Stored data entries:
━━━━━━━━━━━━━━━━
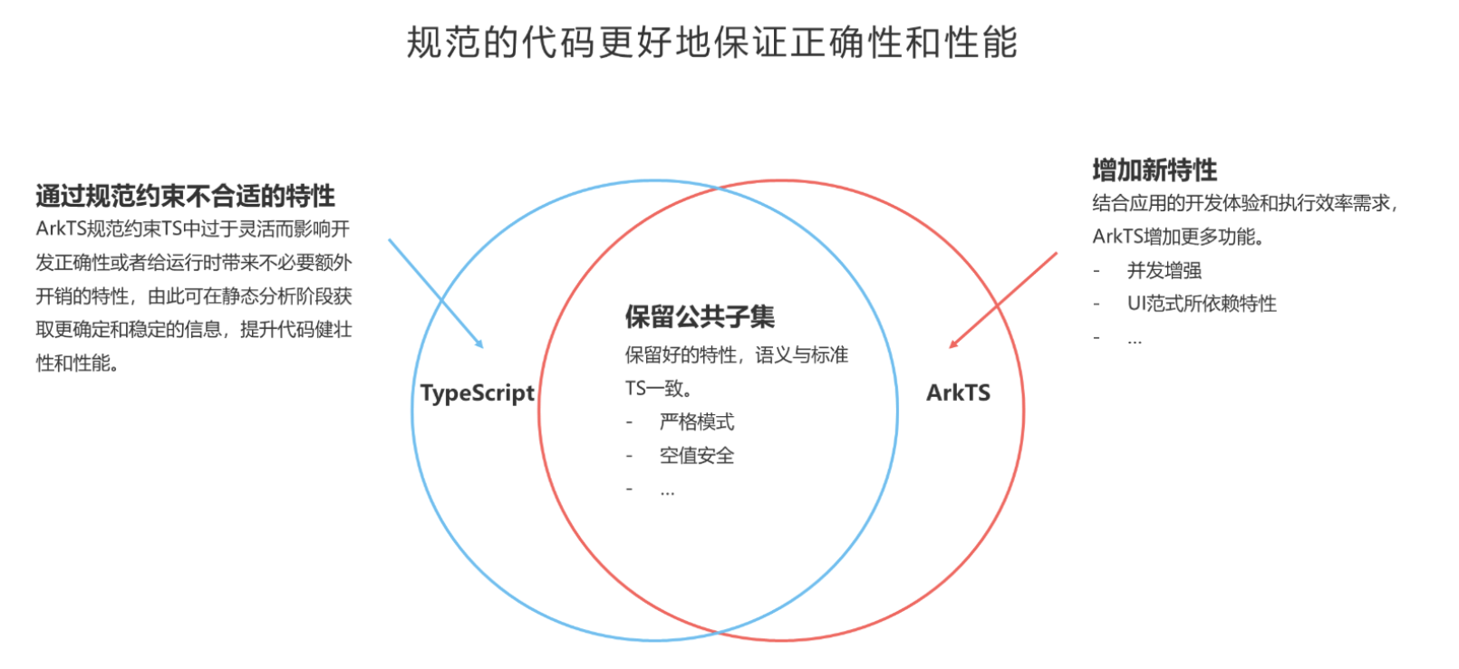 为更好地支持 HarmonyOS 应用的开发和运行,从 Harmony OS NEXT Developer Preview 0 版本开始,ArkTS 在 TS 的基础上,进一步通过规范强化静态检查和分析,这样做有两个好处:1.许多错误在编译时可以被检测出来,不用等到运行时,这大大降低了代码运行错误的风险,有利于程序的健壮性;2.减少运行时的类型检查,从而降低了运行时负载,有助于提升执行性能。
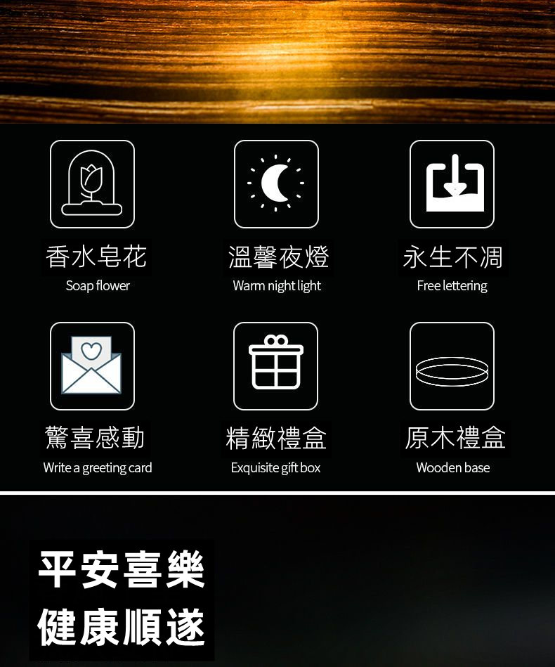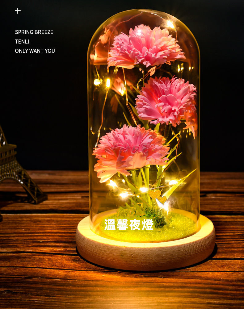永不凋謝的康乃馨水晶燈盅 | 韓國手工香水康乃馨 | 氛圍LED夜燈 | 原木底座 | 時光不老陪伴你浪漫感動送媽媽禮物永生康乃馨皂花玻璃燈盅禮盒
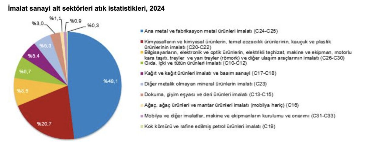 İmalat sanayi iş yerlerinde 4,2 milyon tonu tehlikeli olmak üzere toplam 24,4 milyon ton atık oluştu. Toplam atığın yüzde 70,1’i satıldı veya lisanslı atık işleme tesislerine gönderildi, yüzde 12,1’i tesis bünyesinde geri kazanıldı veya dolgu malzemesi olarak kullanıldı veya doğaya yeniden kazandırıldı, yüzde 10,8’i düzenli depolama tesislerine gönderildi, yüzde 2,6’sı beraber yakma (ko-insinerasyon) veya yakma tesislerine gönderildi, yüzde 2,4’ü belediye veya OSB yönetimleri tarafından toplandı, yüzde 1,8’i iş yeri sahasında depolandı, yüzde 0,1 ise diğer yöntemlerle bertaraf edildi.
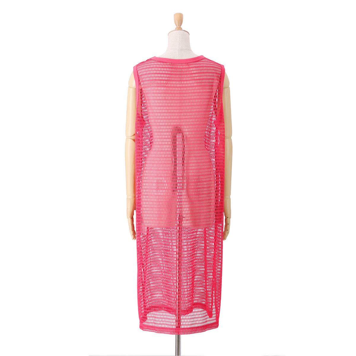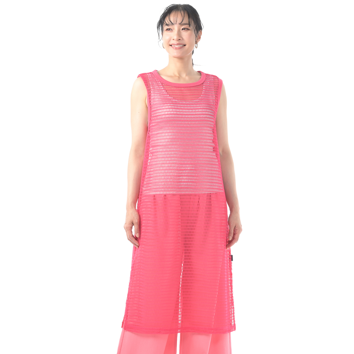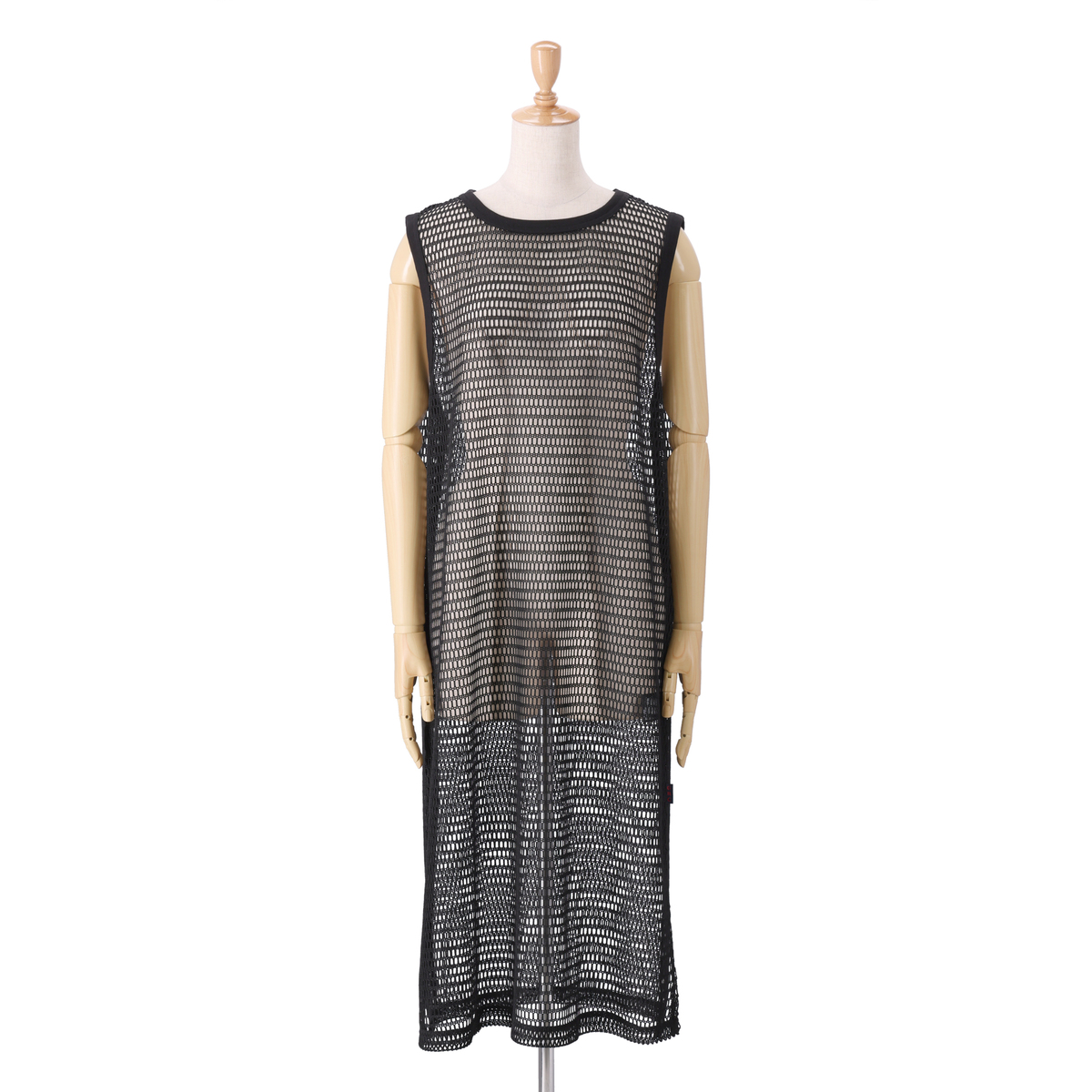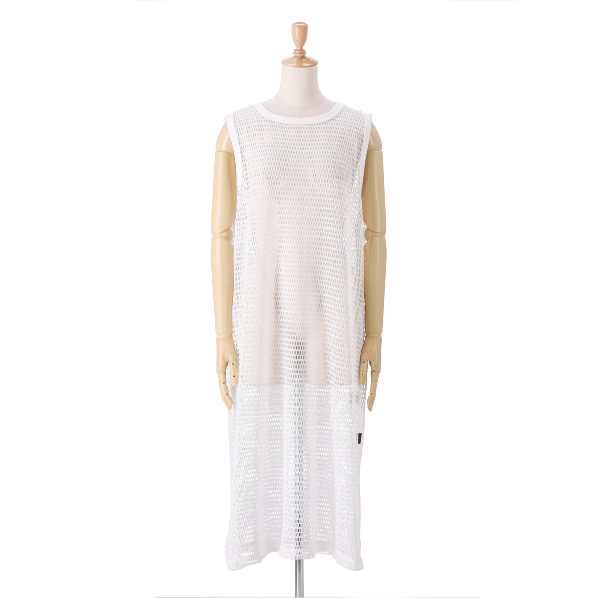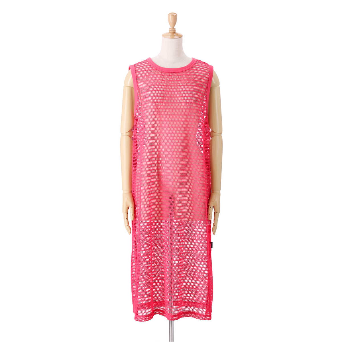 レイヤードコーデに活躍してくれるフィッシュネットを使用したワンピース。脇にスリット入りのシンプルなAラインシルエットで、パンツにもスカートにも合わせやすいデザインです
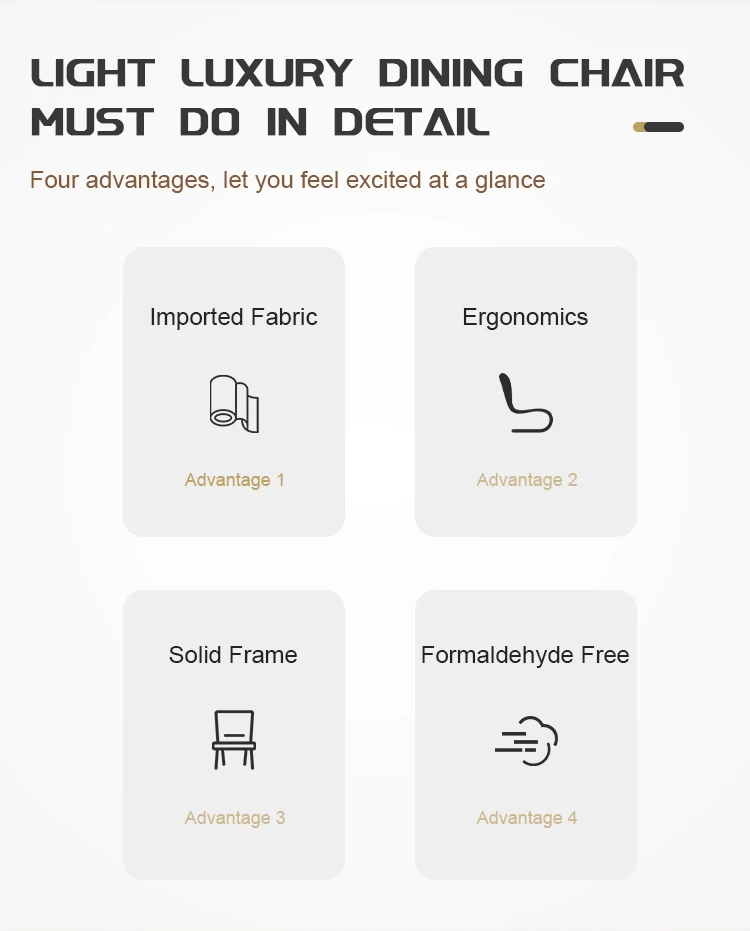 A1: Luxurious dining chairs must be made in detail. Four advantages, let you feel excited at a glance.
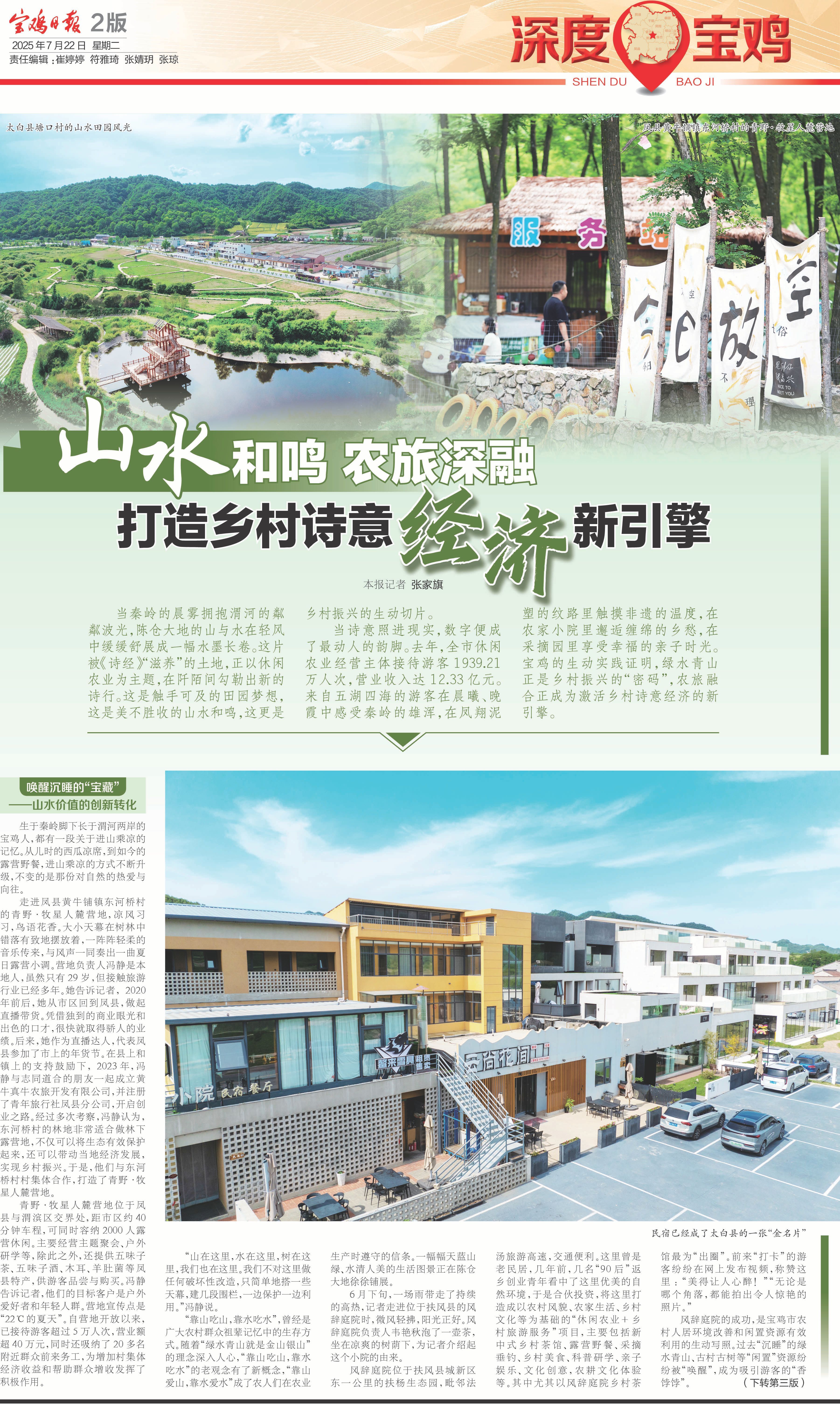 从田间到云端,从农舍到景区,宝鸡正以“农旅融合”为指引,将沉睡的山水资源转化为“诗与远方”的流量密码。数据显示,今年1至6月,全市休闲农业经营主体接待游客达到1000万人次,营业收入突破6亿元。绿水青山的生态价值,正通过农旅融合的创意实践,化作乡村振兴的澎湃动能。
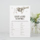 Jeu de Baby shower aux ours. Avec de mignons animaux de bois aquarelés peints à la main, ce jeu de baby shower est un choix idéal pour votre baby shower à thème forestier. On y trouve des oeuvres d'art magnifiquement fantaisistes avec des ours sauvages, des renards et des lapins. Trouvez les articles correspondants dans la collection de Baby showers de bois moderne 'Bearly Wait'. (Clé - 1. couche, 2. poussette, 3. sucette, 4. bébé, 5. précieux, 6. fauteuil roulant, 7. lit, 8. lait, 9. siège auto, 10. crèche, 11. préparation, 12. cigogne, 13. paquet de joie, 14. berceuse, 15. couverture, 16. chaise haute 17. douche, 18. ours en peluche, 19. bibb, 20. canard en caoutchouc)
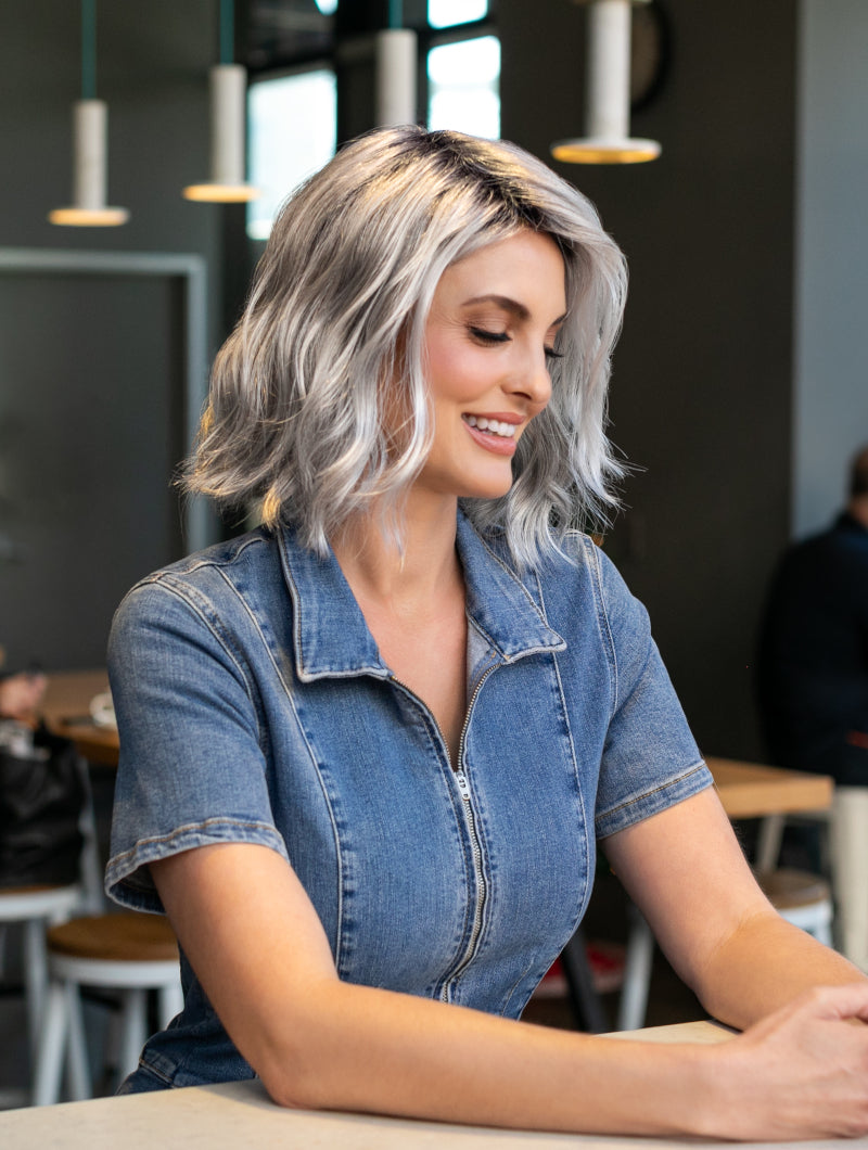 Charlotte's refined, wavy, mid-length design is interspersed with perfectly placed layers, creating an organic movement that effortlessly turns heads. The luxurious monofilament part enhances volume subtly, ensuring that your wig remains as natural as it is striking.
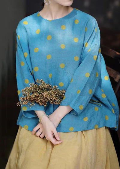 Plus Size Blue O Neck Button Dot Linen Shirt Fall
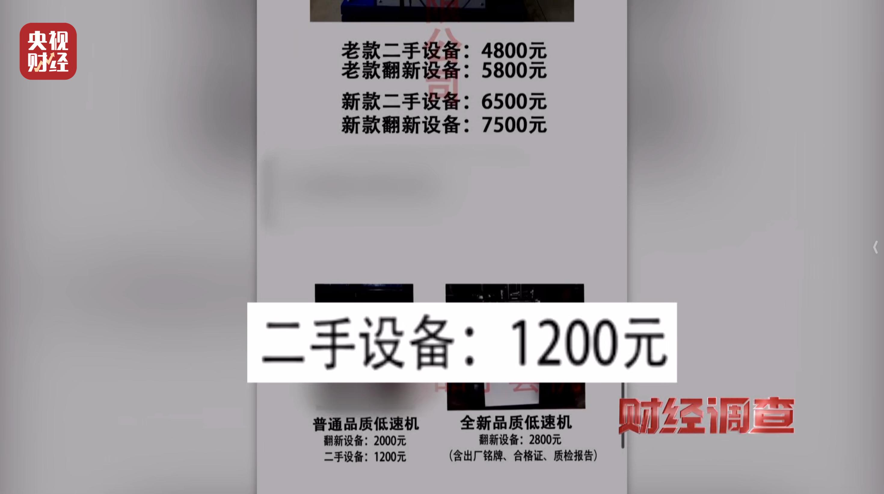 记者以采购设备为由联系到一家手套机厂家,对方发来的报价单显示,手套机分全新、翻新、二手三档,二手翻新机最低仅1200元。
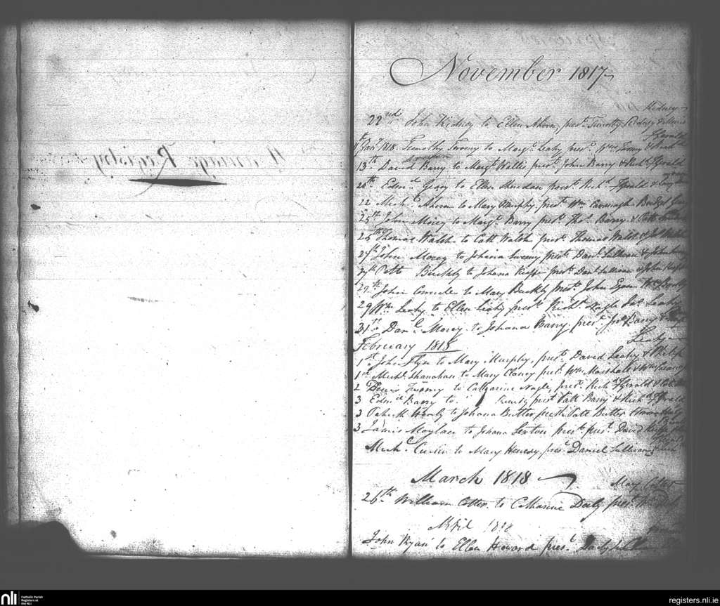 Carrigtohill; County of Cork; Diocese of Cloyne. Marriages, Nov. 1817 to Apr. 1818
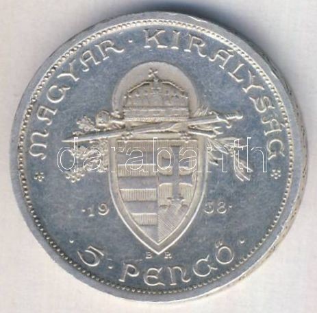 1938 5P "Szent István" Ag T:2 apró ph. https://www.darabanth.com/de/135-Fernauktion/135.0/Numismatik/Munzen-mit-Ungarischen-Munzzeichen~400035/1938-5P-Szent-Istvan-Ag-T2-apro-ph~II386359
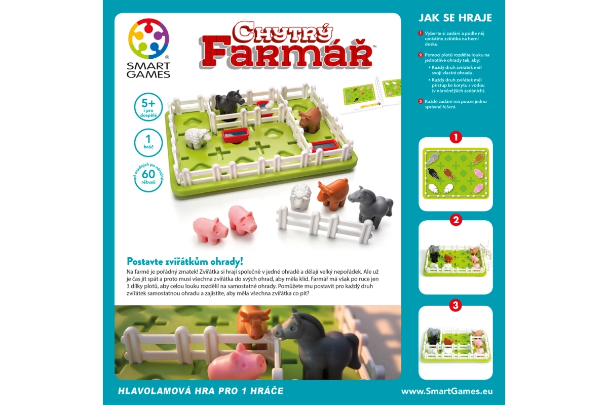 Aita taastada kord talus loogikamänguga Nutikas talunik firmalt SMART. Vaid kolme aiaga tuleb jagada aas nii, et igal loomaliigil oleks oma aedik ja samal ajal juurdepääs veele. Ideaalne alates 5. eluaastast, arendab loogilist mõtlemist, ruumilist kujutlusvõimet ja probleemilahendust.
━━━━━━━━━━━━━━━━
What you will do: All pictures are to be dropped, and the records above returned exactly.

Result below:
 为更好地支持 HarmonyOS 应用的开发和运行,从 Harmony OS NEXT Developer Preview 0 版本开始,ArkTS 在 TS 的基础上,进一步通过规范强化静态检查和分析,这样做有两个好处:1.许多错误在编译时可以被检测出来,不用等到运行时,这大大降低了代码运行错误的风险,有利于程序的健壮性;2.减少运行时的类型检查,从而降低了运行时负载,有助于提升执行性能。
永不凋謝的康乃馨水晶燈盅 | 韓國手工香水康乃馨 | 氛圍LED夜燈 | 原木底座 | 時光不老陪伴你浪漫感動送媽媽禮物永生康乃馨皂花玻璃燈盅禮盒
 İmalat sanayi iş yerlerinde 4,2 milyon tonu tehlikeli olmak üzere toplam 24,4 milyon ton atık oluştu. Toplam atığın yüzde 70,1’i satıldı veya lisanslı atık işleme tesislerine gönderildi, yüzde 12,1’i tesis bünyesinde geri kazanıldı veya dolgu malzemesi olarak kullanıldı veya doğaya yeniden kazandırıldı, yüzde 10,8’i düzenli depolama tesislerine gönderildi, yüzde 2,6’sı beraber yakma (ko-insinerasyon) veya yakma tesislerine gönderildi, yüzde 2,4’ü belediye veya OSB yönetimleri tarafından toplandı, yüzde 1,8’i iş yeri sahasında depolandı, yüzde 0,1 ise diğer yöntemlerle bertaraf edildi.
 レイヤードコーデに活躍してくれるフィッシュネットを使用したワンピース。脇にスリット入りのシンプルなAラインシルエットで、パンツにもスカートにも合わせやすいデザインです
 A1: Luxurious dining chairs must be made in detail. Four advantages, let you feel excited at a glance.
 从田间到云端,从农舍到景区,宝鸡正以“农旅融合”为指引,将沉睡的山水资源转化为“诗与远方”的流量密码。数据显示,今年1至6月,全市休闲农业经营主体接待游客达到1000万人次,营业收入突破6亿元。绿水青山的生态价值,正通过农旅融合的创意实践,化作乡村振兴的澎湃动能。
 Jeu de Baby shower aux ours. Avec de mignons animaux de bois aquarelés peints à la main, ce jeu de baby shower est un choix idéal pour votre baby shower à thème forestier. On y trouve des oeuvres d'art magnifiquement fantaisistes avec des ours sauvages, des renards et des lapins. Trouvez les articles correspondants dans la collection de Baby showers de bois moderne 'Bearly Wait'. (Clé - 1. couche, 2. poussette, 3. sucette, 4. bébé, 5. précieux, 6. fauteuil roulant, 7. lit, 8. lait, 9. siège auto, 10. crèche, 11. préparation, 12. cigogne, 13. paquet de joie, 14. berceuse, 15. couverture, 16. chaise haute 17. douche, 18. ours en peluche, 19. bibb, 20. canard en caoutchouc)
 Charlotte's refined, wavy, mid-length design is interspersed with perfectly placed layers, creating an organic movement that effortlessly turns heads. The luxurious monofilament part enhances volume subtly, ensuring that your wig remains as natural as it is striking.
 Plus Size Blue O Neck Button Dot Linen Shirt Fall
 记者以采购设备为由联系到一家手套机厂家,对方发来的报价单显示,手套机分全新、翻新、二手三档,二手翻新机最低仅1200元。
 Carrigtohill; County of Cork; Diocese of Cloyne. Marriages, Nov. 1817 to Apr. 1818
 1938 5P "Szent István" Ag T:2 apró ph. https://www.darabanth.com/de/135-Fernauktion/135.0/Numismatik/Munzen-mit-Ungarischen-Munzzeichen~400035/1938-5P-Szent-Istvan-Ag-T2-apro-ph~II386359
 Aita taastada kord talus loogikamänguga Nutikas talunik firmalt SMART. Vaid kolme aiaga tuleb jagada aas nii, et igal loomaliigil oleks oma aedik ja samal ajal juurdepääs veele. Ideaalne alates 5. eluaastast, arendab loogilist mõtlemist, ruumilist kujutlusvõimet ja probleemilahendust.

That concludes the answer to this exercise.